I was a little concerned that I only knew the next few miles by memory and that I could be riding blind for a while, but eventually I got signal and figured out how to use what I had.
These next pictures are the first few miles out of the camp. These "roads" actually show on any GPS. Most have been rebuilt by loggers and are different from what the GPS says. To get through this stuff with a bike and gear is pretty challenging, but it is a lot of fun. For me, the key is not being in a rush. You can't be when you don't know what is coming next. This type of riding is much more about taking your bike along on an outside adventure, rather than going for a bike ride. All the rules change. Outdoor skills and gear selection play as much of a part of a successful trip as riding ability. And I love combining the two.
The dirt roads in Vermont are almost endless. And many of them are in very remote locations. Navigating in this manner over long distances has always given me a completely different view of what Vermont, and much of New England, really looks like. It's hilly, rugged and beautiful.

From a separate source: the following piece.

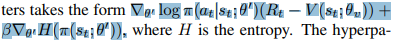 기존 actor-critic에서 추가된 "advantage" 는 High Dimensional continuous control using generalized advantage 논문에서 GAE(Generalized Advantage Estimation)라고 쓰인 개념으로,

My goal was to follow as much of the Lamoille Valley Rail Trail as I could find. I thought I had the trail outside of Wolcott, but turns out it dead ended at the River and I had to run around. After finding the trail as I came into Morrisville I had a pretty easy time of it. I was surprised to see the trail went right behind the Lost Nation Brewery. This is one of my VT favorites, but it was too early to eat, let alone start drinking. Their beer is excellent, and the food there is really good as well. I sadly headed on, brainstorming on how to time it better the next time.

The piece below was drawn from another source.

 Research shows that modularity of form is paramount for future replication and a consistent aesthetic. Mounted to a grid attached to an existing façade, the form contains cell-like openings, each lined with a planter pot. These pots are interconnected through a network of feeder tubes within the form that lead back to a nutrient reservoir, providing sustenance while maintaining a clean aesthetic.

I followed the trail to its end in Jeffersonville then went Route 15 to 104 heading West. When I got to Fairfax Falls I headed south through Westford and Essex Junction, taking as many back roads as possible towards Burlington.
I have found the Cannondale Slate 105 to be a trusty companion on these rides. It's my first gravel bike, and is better on trails than you might suspect. Getting the gear right is half the battle. In a future blog post I'll get more into what my kit consists of.
After a long, but very enjoyable ride I rolled into Burlington. Rather than dirtbag it, I decided to stay at the Willard Street Inn. It was a nice place to rest up before another long day of riding. Everyone there was super friendly and they even let me lock my bike up inside a storage area. After too short of a visit with my son I crashed in a very comfy bed!